--- Material for this task Enclosed Below ---

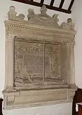 The Church of England parish church of Saint Mary the Virgin was originally built about 1190.[2] The five-bay arcade between the nave and north aisle survives from this time. In the 13th century the chancel, nave and north aisle were remodelled, and the easternmost bay of the aisle was projected northward to form a north transept.[2] Early English Gothic lancet windows in chancel, nave and north chapel date from this time. The north doorway of the north aisle dates from the 14th century. In the 15th century the bell tower was built into the nave and the stone pulpit was built.[2] By the end of the 16th century the north transept had become the memorial chapel of the Hungerford family. Built into the north wall is a substantial stone monument to Eleanor Hungerford (died 1592): a recumbent effigy framed by Corinthian columns. The chapel also includes an English Baroque cartouche to Anthony Hungerford (died 1703) on the west wall.[2] Black stone plaques on the floor record other members of the family.
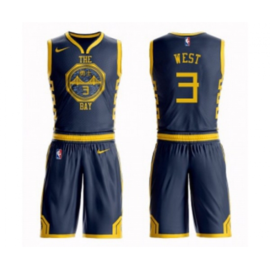 Golden State Warriors #3 David West Authentic Navy Blue Basketball Suit Jersey - City Edition
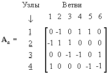 Для мостовой цепи, направленный граф которой представлен на рис. 1.8, б, матрица соединений Aa имеет q = 4 строки и p = 6 столбцов:
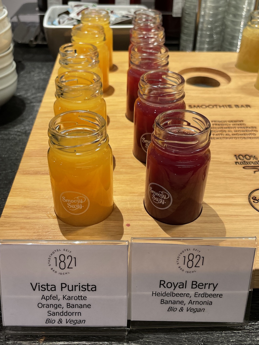 Besonders angetan hat es uns der frisch gepresste Orangensaft direkt aus der Orangenpresse. Auch die Smoothie-Bar ist ein Hingucker mit den kleinen Fläschchen.
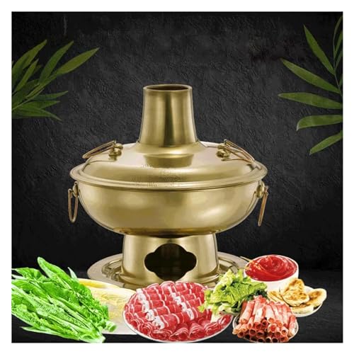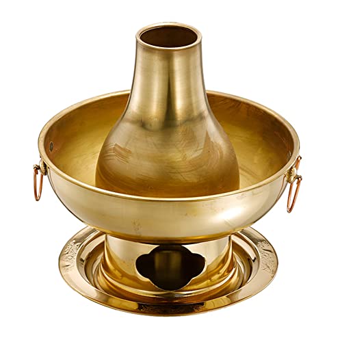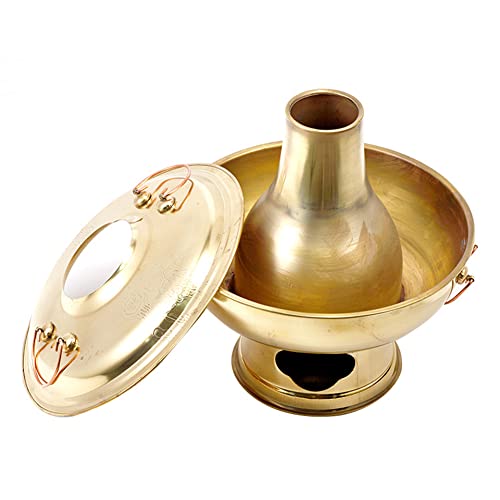 Pot Vintage Shabu,Chinese Copper Hot Pot, Chinese Shabu Shabu with Chimney Vintage Shabu Hotpot Cooker Pan Charcoal Stove Cooking Cookware for Home Restaurant Party(Brass, 7 Sizes)(30cm)

--- End of Enclosed Material for this task ---

## Your instructions:
An exact transcription of the material is required, without any pictures.

## Written reply:
 The Church of England parish church of Saint Mary the Virgin was originally built about 1190.[2] The five-bay arcade between the nave and north aisle survives from this time. In the 13th century the chancel, nave and north aisle were remodelled, and the easternmost bay of the aisle was projected northward to form a north transept.[2] Early English Gothic lancet windows in chancel, nave and north chapel date from this time. The north doorway of the north aisle dates from the 14th century. In the 15th century the bell tower was built into the nave and the stone pulpit was built.[2] By the end of the 16th century the north transept had become the memorial chapel of the Hungerford family. Built into the north wall is a substantial stone monument to Eleanor Hungerford (died 1592): a recumbent effigy framed by Corinthian columns. The chapel also includes an English Baroque cartouche to Anthony Hungerford (died 1703) on the west wall.[2] Black stone plaques on the floor record other members of the family.
 Golden State Warriors #3 David West Authentic Navy Blue Basketball Suit Jersey - City Edition
 Для мостовой цепи, направленный граф которой представлен на рис. 1.8, б, матрица соединений Aa имеет q = 4 строки и p = 6 столбцов:
 Besonders angetan hat es uns der frisch gepresste Orangensaft direkt aus der Orangenpresse. Auch die Smoothie-Bar ist ein Hingucker mit den kleinen Fläschchen.
 Pot Vintage Shabu,Chinese Copper Hot Pot, Chinese Shabu Shabu with Chimney Vintage Shabu Hotpot Cooker Pan Charcoal Stove Cooking Cookware for Home Restaurant Party(Brass, 7 Sizes)(30cm)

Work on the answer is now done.